What`s the art? That`s a question as old as the human sensibility. By the time that the very first man, with his primal intelligence, observed a tree and noticed on it something more than a stem that holds leafs and makes shadows against the sunlight, the humanity have started to question herself what`s that "something more". From where it entered us? What exactly does it provoke on us? What`s it’s function?

The art sensibilizes… We can`t see it with our eyes, we can`t hear it with our ears, nor we can sense it with any other corporeal sense. The art is another member of the universal forces. Immaterial, invisible, eternal. It’s the force which sensibilizes and wakens the man for the spiritual world, cause we can only really "see the art" with our own soul.
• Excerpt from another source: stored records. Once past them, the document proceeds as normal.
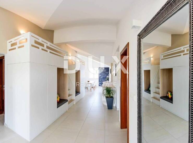 Na jednoj od najpoželjnijih lokacija u Malinskoj prodajemo luksuzni četverosobni stan sa dvije terase s prekrasnim pogledom na more. Apartman površine 118,25 m2 se nalazi na drugom katu i sastoji od ulaznog prostora, dnevnog boravka s opremljenom kuhinjom i blagovaonicom, četiri spavaće sobe, dvije kupaonice, dodatnog wc-a, dva hodnika i dvije nenatkrivene terase.
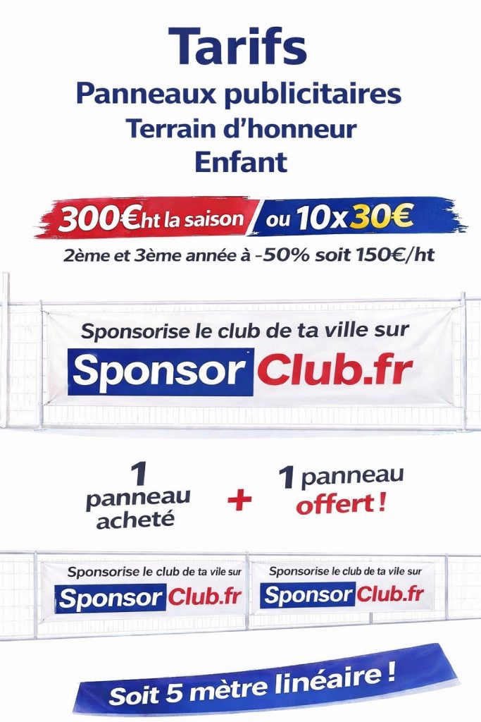 Avec Sponsor-Club, les entreprises locales bénéficient d’un emplacement stratégique pour développer leur notoriété locale tout en soutenant un club de football amateur.
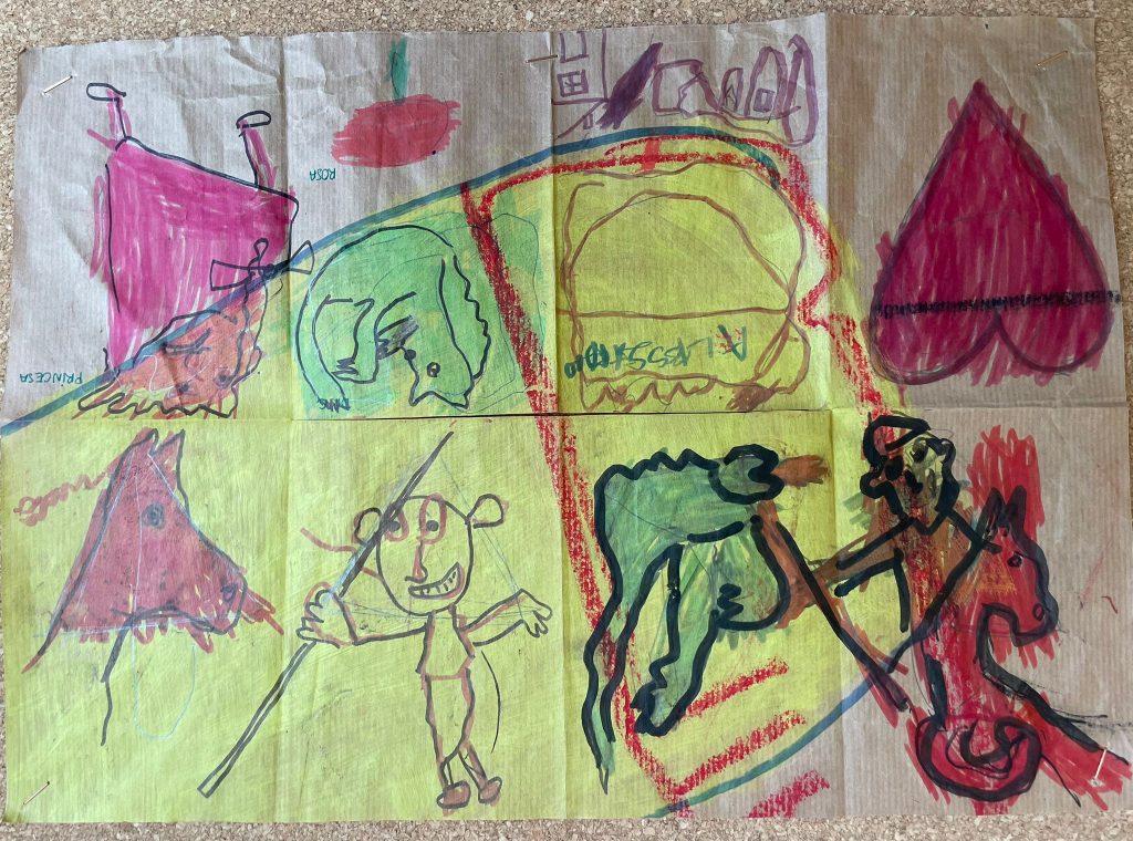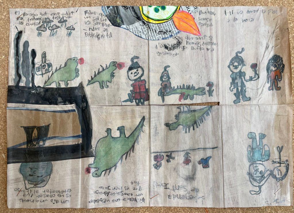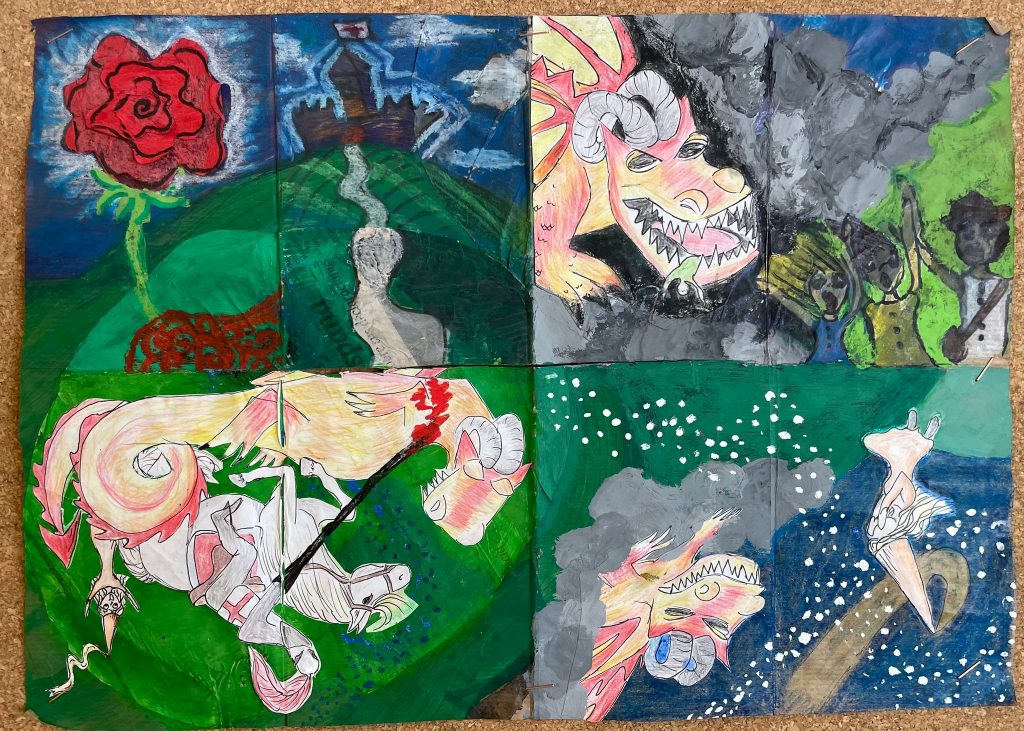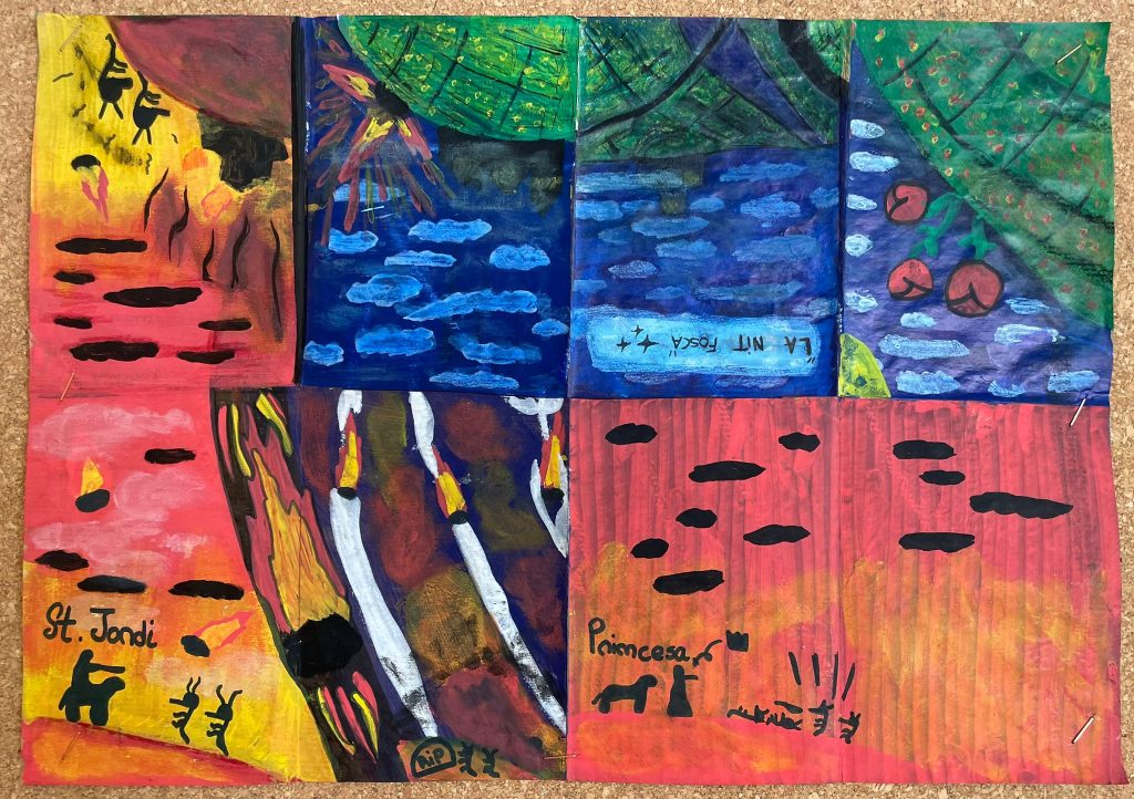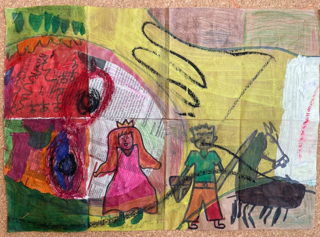 L’alumnat de 1r d’ESO treballa sobre paper reciclat i pintat, aprofitant les formes i textures que hi troben per dibuixar la seva pròpia versió de la història de Sant Jordi. El resultat, com és habitual, té una aparença força peculiar però fabulosa!

Kandinsky managed to comprove this teory on his beautiful study about the art`s spiritual essence: "The soul is a piano with numerous keys". The sensible man, while facing the art of creation, is touched by the sublime hands of the Nature, and feel himself quite satisfacted with the synphony of life, the unique universal song.

Yes, that`s the ultimate and fundamental function of art. But how many difficulties men have to perceive it!

From the ancient ages on the caverns, the art had been borned already linked to practical and material functions: The painting and sculpture served to just illustrate the world, the music served for the festivals, the architecture for the mere construction of safe buildings, the dance for the passion, the literature for the storytelling and registration of facts, the poetry for the registration of emotions and feelings... This to cite the faculties whose are intimate linked to the art.

However, in reality, the real art, the art on itself, pure and simple, have always influenciated every material creation. And have always whispered to the hart of mankind: "I`m inside of you, but you aren`t on me. You can`t create me, but I will be always present on every creation you make. And, the more sensible and sincere you are on the act of creation, more of me you will receive… And much more sublime will be your creation."

Where the material function of art ends, starts it’s real function: To play the keys of the souls of men. Where the imitation of the material world ends, starts the imitation of the spiritual one. Where the outside nature ends, starts the inside one. Where the reason falls, the sensibility raises up.

The art isn`t rational, it does not have a determined process, nor an objective to be reached. Like the german philosopher, Immanuel Kant, said: "The art is the universal without concept." Yes, to see the art is to feel, carefree, the enormous force that did create and that mantains all existance… Happy the ones whose, from time to time, forget a little about the tough journey to just sit and observe the world. Cause those ones will be really resting in peace, and how many energy they will be earning to continue determined and strong on their lives! They will be in contact with the supreme love of Nature, the love which is everywhere, and moves everything. The force which moves the world and which, while noticed, sensibilizes the hart and refuels the soul. Happy the ones whose live this way, cause those ones live with art.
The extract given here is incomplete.